I like it so I'll be the author.

Also, I saw the plans for the New Loyal Heights Elementary School building. The neighborhood and the school community are up in arms about the design because it makes the playground tiny and increases the school size to accommodate 800 students instead of the 650 or so we were told when we voted to fund the construction. The vote to fund the construction was done before Mayor Murray was elected, but the design for Loyal Heights Elementary School includes space for a preschool. It's upsetting that money that is supposed to be for our K-12 schools which are all underfunded is being sucked away to pay for the Mayors preschool classrooms. Not only that, in this school, it could help provide more playground space for the school if less class space was needed. Using our SPS funding for the Preschool program should be against the law. Let the city use the funding we are providing for the program and keep it separated from SPS funding.

-- Dan Dempsey
Anonymous said…

Many, many SPS schools have private preschools onsite already. All of the ones I'm familiar with are coupled with before/after care and run a ~4-5.5 hour preschool day during the middle when the elementary kids are in school. There's one I know of that might actually have before/after for the preschoolers too. The rest don't. And all of the schools are out of space, especially when you consider what class sizes should be. It's unclear to me as to whether they can also use other space within the building. I'm guessing they can't use teacher classrooms, so it's probably quite limited and reasonable that many parents want and need before/after care with few other options so it's not entirely unreasonable, but it's still a hard pill to swallow given how crowded schools are.

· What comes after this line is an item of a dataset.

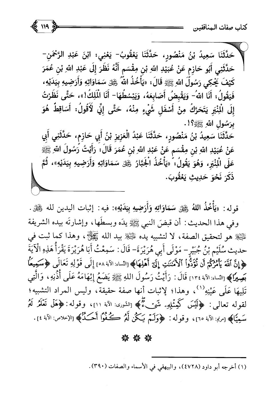 وفي هذا الحديث: أن قبضَ النبي صلى الله عليه وسلم يدَه وبسطَها، وإشارتَه بيده الشريفة عليه السلام هو لتحقيق الصفة، لا لتشبيه يده عليه السلام بيد الله سبحانه وتعالى، وهذا كما ثبت في حديث ((سُلَيْم بْنُ جُبَيْرٍ- مَوْلَى أَبِي هُرَيْرَةَ- قَالَ: سَمِعْتُ أَبَا هُرَيْرَةَ يَقْرَأُ هَذِهِ الْآيَةَ {إِنَّ اللَّهَ يَأْمُرُكُمْ أَنْ تُؤَدُّوا الْأَمَانَاتِ إِلَى أَهْلِهَا} [النساء: ٥٨] إِلَى قَوْلِهِ تَعَالَى {سَمِيعًا بَصِيرًا} [النساء: ٥٨] قَالَ: رَأَيْتُ رَسُولَ اللَّهِ صَلَّى اللهُ عَلَيْهِ وَسَلَّمَ يَضَعُ إِبْهَامَهُ عَلَى أُذُنِهِ، وَالَّتِي تَلِيهَا عَلَى عَيْنِهِ)) (¬١) وهذا؛ لإثبات أنها صفة حقيقةً، وليس المراد التشبيه؛ لقوله تعالى: {ليس كمثله شيء}، وقوله: {هل تعلم له سميًّا}، وقوله: {ولم يكن له كفوًا أحد}.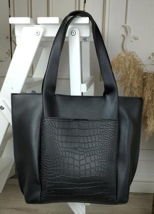 Це кохання з першого погляду 🔥Велика містка сумка. Вміщує формат А4♥️ Код: Д587 Ціна 700 грн Матеріал: Екошкіра. Підкладка -щільна тканина Розмір: ширина по дну сумки 29см, ширина вгорі сумки 40 см., Висота 31 см, дно 11см. Висота ручок 25 см. Особливості: спереду карман на магніті. Сумка закривається на блискавку, в середині відкрита кишеня та потайна кишеня на блискавці.

Ultimately, I don't think the lack of provider applications has as much to do with the "high standards" as much as odd in many ways and very restrictive standards and the lack of space. SPS simply cannot practically be a primary provider at this time given their other constraints.

I'd have much preferred Mr Mayor to focus on expanding and enhancing the current CITY PRESCHOOL PROGRAM. Yeah, we have one. Parks and Rec across the city ALREADY has a preschool program (who knew? - apparently not the city). The parks and rec program is 1) cheap!, 2) shorter days, 3) less days, 4) lower ratio (huh, imagine that - not 20 kids and 2 teachers, the max allowed, despite them talking about low ratios) and varied in curriculum. Why not shore that up first and then expand? Parks and rec are already all across the city too and a city department. I suspect the whole preschool thing is about taking over SPS and not really preschool at all. Unfortunately the mayor doesn't seem to realize what things actually look like on the ground right now.

NE Parent

mirmac1 said…
NE Parent

Last year SPS gave away yet two MORE classrooms to FEL non-K-12 programs. These were at Concord and Elementary. To make space four SPS developmental preschools were kicked to the curb and relocated to an empty building.

We pay the salaries of the JSCEE folks who squander the resources and the future of the district's charge: K-12 and developmental preschool.

My sights are on Flip Herndon. He has demonstrated to me that he works for whomever will apply the Peter Principle. Dude really could care less about families and students in our district.
PreK said…
As I recall, last year the district received RTT funding for preschool. Were more classrooms prepared with these dollars? SPS's computers are down and I can't access the information.

Wasn't the Gates grant being used to open two more preschools, too.

Murray et. al took members from CDSA on their preschool junket.

CDSA's teachers have already met one of the city's requirements- being certified in High Scope:

CDSA went on the prek junket, to Boston, with Burgess and their teachers are now certified. The board signed the Partnership agreement and we learned space, given to the city is free, and teachers have met city requirements. The city/district knew the plan- all along.

I'm confident the city is partnering with others in SPS and the board will find out - next year.

The city receives FREE space from the district and should be supporting SPS's administrative support.